Proponents of the progressive theory have always been the leading supporters of the socialist reconstruction of society, and Karl Marx and Friedrich Engels in their Communist Manifesto even linked it with the destruction of private property and the building of socialism. This theory finally took shape in the middle of the 19th century, but its elements are found in the works of A. Smith, as well as in the works of the French educators Jean Jacques Rousseau (1712 -1778) and Jean Baptiste Say (1767 - 1832). All supporters of tax progression were in one way or another inclined to believe that it is fairer, as it mitigates inequality and affects the redistribution of property and income.

One of the main problems of taxation is reflected in tax shift theories, the study of which began in the 17th century. The founder of the theory of transfer is considered to be the English philosopher John Locke (1632-1704), who, concluding that all taxes ultimately fall on the owner of the land, proposed specific ways and methods to resolve this problem.

The issue of tax shifting is still one of the least developed issues in taxation, and this is taking into account the fact that its practical significance is very enormous. The essence of the transfer theory is based on the fact that the distribution of the tax burden is possible only in the process of exchange, the result of which is the formation of prices. It is through exchange and distribution processes that a legal taxpayer is able to shift the tax burden to another person - the tax bearer, who will bear the full burden of taxation.

According to American economists Anthony B. Ankinson and Joseph E. Stiglitz: “One of the most valuable conclusions drawn from economic analysis public finance, is that the person who is formally subject to the tax provision and the person paying this tax are not necessarily the same person. Determining the actual scope of the tax or state program- one of the most important tasks of the theory of the public sector.”
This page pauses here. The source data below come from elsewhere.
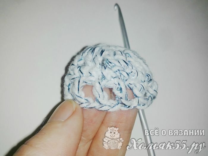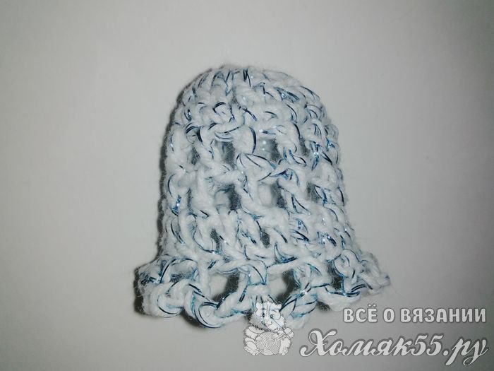 И свяжем последний ряд колокольчика. Делаем четыре воздушные петельки и провязываем столбик без накида во вторую петельку основания, то есть одну пропускаем, в следующую вяжем. Снова делаем четыре воздушные петли и повторяем вязание по кругу до конца этого ряда.
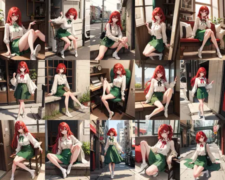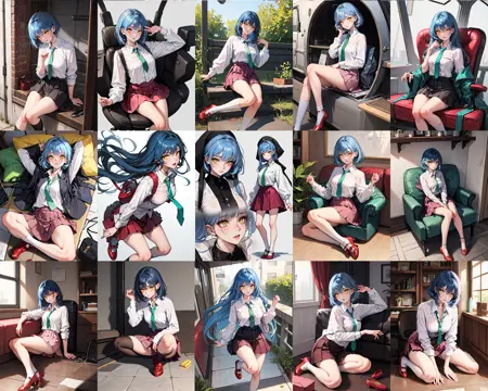 第四步:在正向提示中输入:一个可爱的女孩,白色衬衫配绿色领带,红色鞋子,蓝色头发,黄色眼睛,粉色裙子
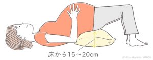 骨盤の下にクッションやタオルを敷いた姿勢を骨盤高位と言います
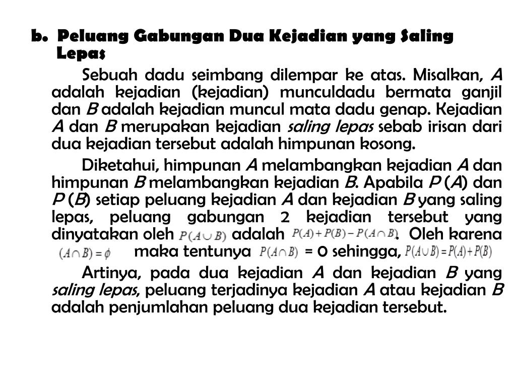 b. PeluangGabunganDuaKejadian yang SalingLepas Sebuah dadu seimbang dilempar ke atas. Misalkan, A adalah kejadian (kejadian) munculdadu bermata ganjil dan B adalah kejadian muncul mata dadu genap. Kejadian A dan B merupakan kejadian saling lepas sebab irisan dari dua kejadian tersebut adalah himpunan kosong. Diketahui, himpunan A melambangkan kejadian A dan himpunan B melambangkan kejadian B. Apabila P(A) dan P(B) setiap peluang kejadian A dan kejadian B yang saling lepas, peluang gabungan 2 kejadian tersebut yang dinyatakan olehadalah.Oleh karenamaka tentunya= 0 sehingga, Artinya, pada dua kejadian A dan kejadian B yang saling lepas, peluang terjadinya kejadian A atau kejadian B adalah penjumlahan peluang dua kejadian tersebut.
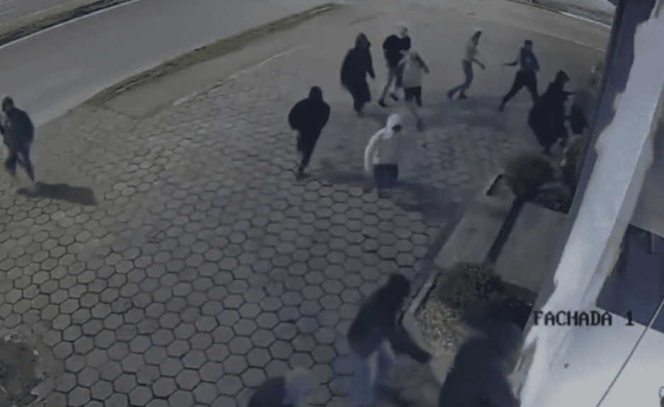 No vídeo, um dos suspeitos fica preso por alguns segundos no buraco aberto no vidro, impedindo a saída do restante do grupo. Quando consegue escapar, outro ladrão derruba a motocicleta e precisa de ajuda para levantar e fugir.
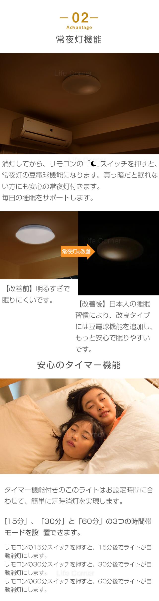 ※ 常夜灯の明るさは全灯の2%相当です。人によって明るさに感知が違いますので、明る過ぎるまたは暗すぎると感じされる場合もありますので、あらかじめご了承ください。
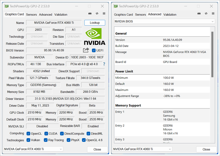 (映眾RTX4060Ti 8GB曜夜顯卡的GPU-Z信息)
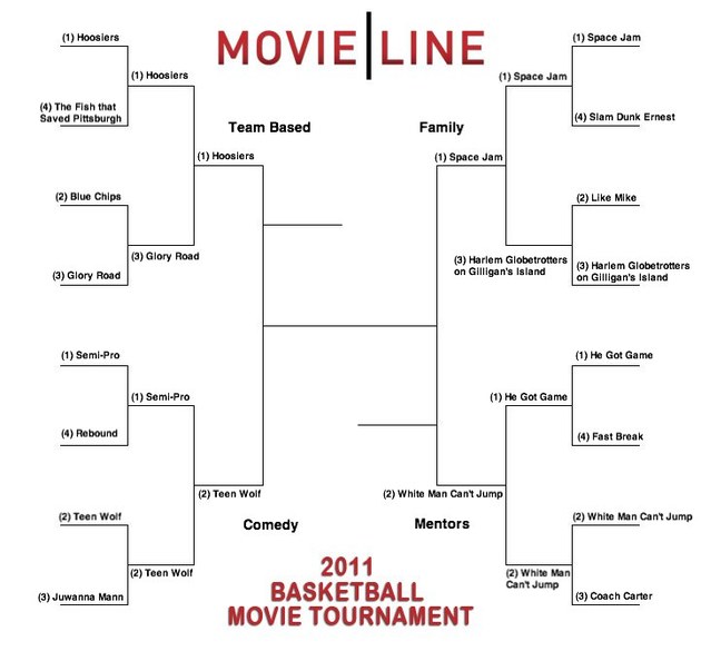 What started with 16 basketball movies is now down to a precious final four. Yesterday, you voted and, frankly, it wasn't even close. That's not to say that there weren't upsets -- two number one seeds were vanquished! -- but it's evident that you really like these films. Which will play in tomorrow's championship game? Well, that's up to you! (Sorry: Write-in votes for Juwanna Mann will not be considered.)
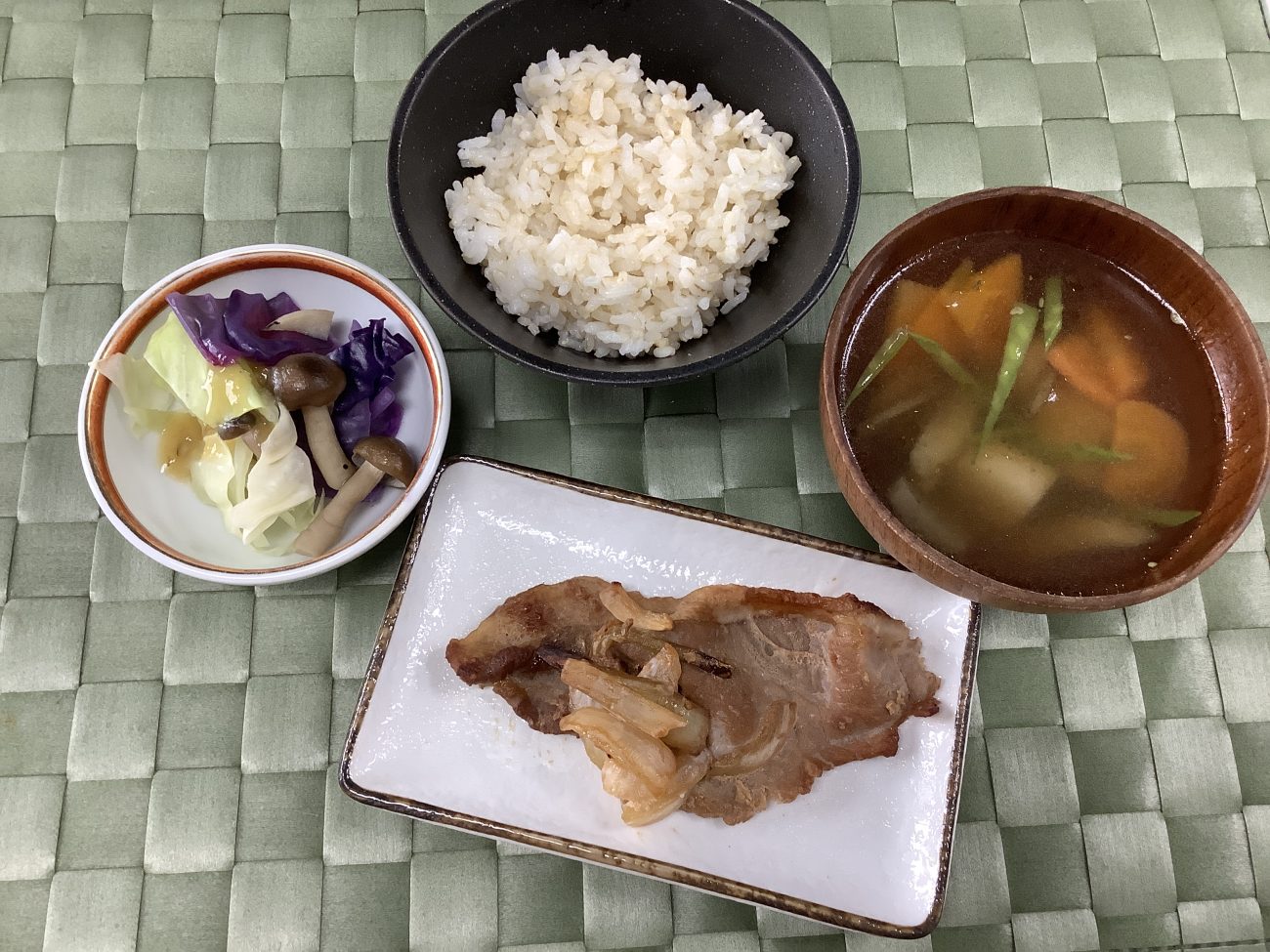 7月12日のメニューは、”豚肉の生姜焼き””温野菜酢味噌かけ””のっぺい汁”でした。
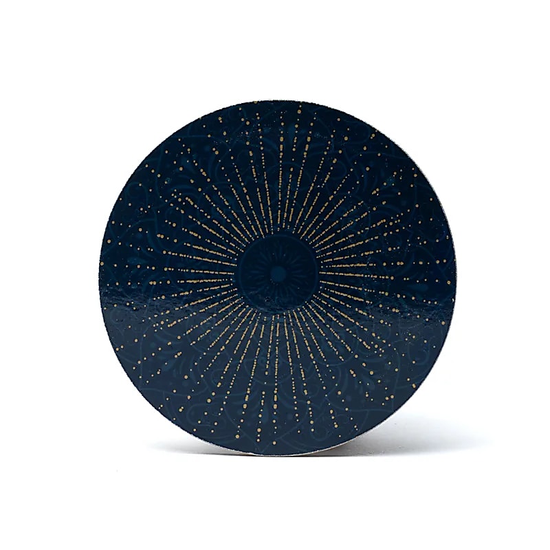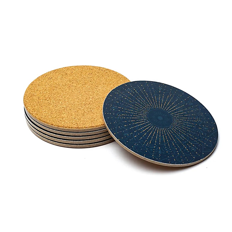 Set van 6 onderzetters met motief 'Mandala' (donkerblauw). Materiaal: MDF. Afmeting: 10 x 0,5 cm. Vanwege de drukmethode die wordt gebruikt voor deze onderzetters, kunnen minimale kleurverschillen voorkomen.
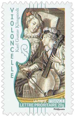 | Commentaire | Erreur dans le titre du timbre : il ne s'agit pas d'un violoncelle, mais d'une viole de gambe. |

The theory of tax shifting studies the fairness of the distribution of the tax burden depending on the forms of taxation and the elasticity of supply and demand. The study is conducted by source of income and by category of payer. There are different varieties of this theory: absolute, optimistic, pessimistic, etc.

At the end of the 19th century. Columbia University professor Edwin Seligman (1861 - 1939) in his book “The Shift and Fall of Taxes” (1892) outlined the main provisions of the shift of taxes and indicated two of their varieties: shift from the seller to the buyer (as a rule, this occurs with indirect taxation ) and shifting from the buyer to the seller (indirect taxes in cases where the price of any product is incredibly high due to high stakes(for example, excise taxes), which significantly limits the demand for this product).

The problem of tax transfer has not yet been finally resolved. According to modern American economists K. McConnell and S. Brew: “Taxes do not always come from those sources that are subject to taxation. Some taxes may be shifted. For this reason, it is necessary to accurately determine the scope of possible transfer of the main types of taxes and identify the final destinations where taxes are transferred.” According to other Western economists R. Musgrave and D. Means, from 30 to 50% of taxes paid by capitalists are passed on to consumers.

The problem of shifting is particularly relevant at the moment in Russia, since in the structure of retail prices for consumer goods the share of all taxes, fees and insurance premiums is 31%.

Thus, for precise definition trends in the transfer of each tax payment, it is necessary to take into account the nature of the tax, as well as all the economic and political conditions for its collection.

At the same time, it should be recognized that humanity has not yet come up with an ideal tax system. Financial science still cannot unambiguously answer many tax questions, and constant tax reforms in almost all developed countries indicate a permanent process of creating a fair, proportionate and justified tax system.